Among the study population, 14.3% of the subject were current smokers, 36.5% of the subject were current drinkers, 67.4% of the subject exercised less than three times per week, and 48.3%, 19.4%, and 3.2% of patients had family histories of hypertension, diabetes mellitus, and premature cardiac death, respectively.
Diabetes mellitus and dyslipidemia were present in 11.6% and 65.7% of patients, respectively. Coronary artery disease was present in 7.9% of patients and 8.7% of patients had a stroke previously. Metabolic syndrome could be assessed in only 910 subjects due to a lack of data, but 34.3% of these patients had metabolic syndrome without diabetes mellitus.
As shown in Table 1, the prevalences of optimal BP, normal BP, high normal BP, grade 1 hypertension, grade 2 hypertension, and grade 3 hypertension were 3.0%, 5.6%, 6.4%, 53.6%, 20.7%, and 10.7%, respectively. Only 7.0% (n = 136) of subjects had no cardiovascular risk factors, and only 3.5% of subjects had grade 1 or hypertension without risk factor.
As shown in Tables 1 and 2, 34.1% of patients were treated with antihypertensive medication. As shown in Table 2, the treated subjects were older, more obese, and had higher CBP and lower HDL levels. The prevalence of drinking and smoking, as well as cholesterol levels, were reduced in the treated group; however, a previous history of cardiovascular disease and a higher GCR profile were more frequent.

Global cardiovascular risk profile

As shown in Table 3, the percentage of patients with average risk, low added risk, moderate added risk, high added risk, and very high added risk was 1.5%, 8.9%, 32.1%, 32.7%, and 24.8%, respectively. Most of the parameters, with the exception of heart rate, varied as a function of risk category. The risk factors for cardiovascular disease increased as GCR increased.

Discordance between ABP and CBP in all subjects

For all subjects, WCH or treated normalized hypertension and MH were observed in 14.4% and 16.1% of patients, respectively. Concordant categories below and above diagnostic or therapeutic thresholds were observed in 23.7% and 45.8% of patients, respectively. Kappa was 0.360 (p < 0.001) with a 95% CI (0.316 to 0.403), and Cronbach’s α was 0.519 (p < 0.001) with a 95% CI (0.474 to 0.560). The distribution of these BP categories was significantly different between untreated and treated groups (p = 0.021), as shown in Fig. 1.

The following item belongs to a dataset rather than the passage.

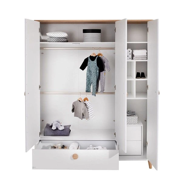 Der Paidi Lotte & Fynn Kleiderschrank ist mit 3 Türen und 1 Schubkasten ausgestattet. Der Innenraum ist durch eine Mittelwand unterteilt. Rechts befinden sich 4 schmale Einlegeböden. Links finden Sie einen breiten Einlegeboden und 2 breite Kleiderstangen.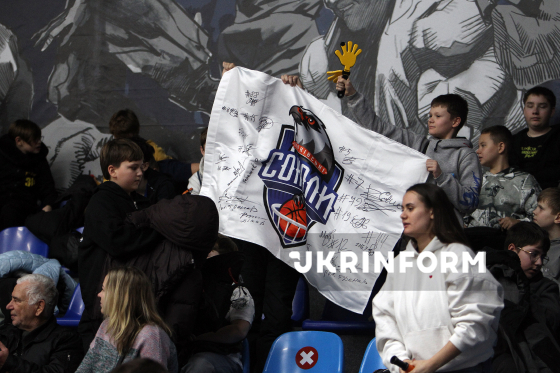 Вболівальники демонструють банер під час матчу чемпіонату України з баскетболу серед команд Суперліги між БК "Харківські Соколи" та БК "Рівне-ОШВСМ", що завершився перемогою господарів з рахунком 83:76, на трибунах КСК "Шинник", Дніпро, 10 січня 2026 року.

Discordance between ABP and CBP in untreated subjects

Of the 1,262 subjects (61.5%) not on antihypertensive medication, the mean age was 52.1 ± 15.3 years and 48.0% were female. Clinic systolic BP was 141.6 ± 19.7 mmHg, and clinic diastolic BP was 88.2 ± 14.1 mmHg. Daytime systolic and diastolic BPs were 135.4 ± 15.4 and 86.4 ± 11.9 mmHg, respectively, which were lower than clinic BPs (p < 0.001 for both systolic and diastolic BPs) (Table 2). The categorization of hypertension by clinic and daytime BP readings is shown in Fig. 1A. Kappa was 0.323 (p < 0.001) with a 95% CI (0.270 to 0.375), and Cronbach’s α was 0.499 (p < 0.001) with a 95% CI (0.441 to 0.552). The number of subjects with WCH was 188 (14.9%), and 222 subjects (17.6%) had MH, while 298 subjects (23.6%) were normotensive, and 554 subjects (43.9%) had sustained hypertension.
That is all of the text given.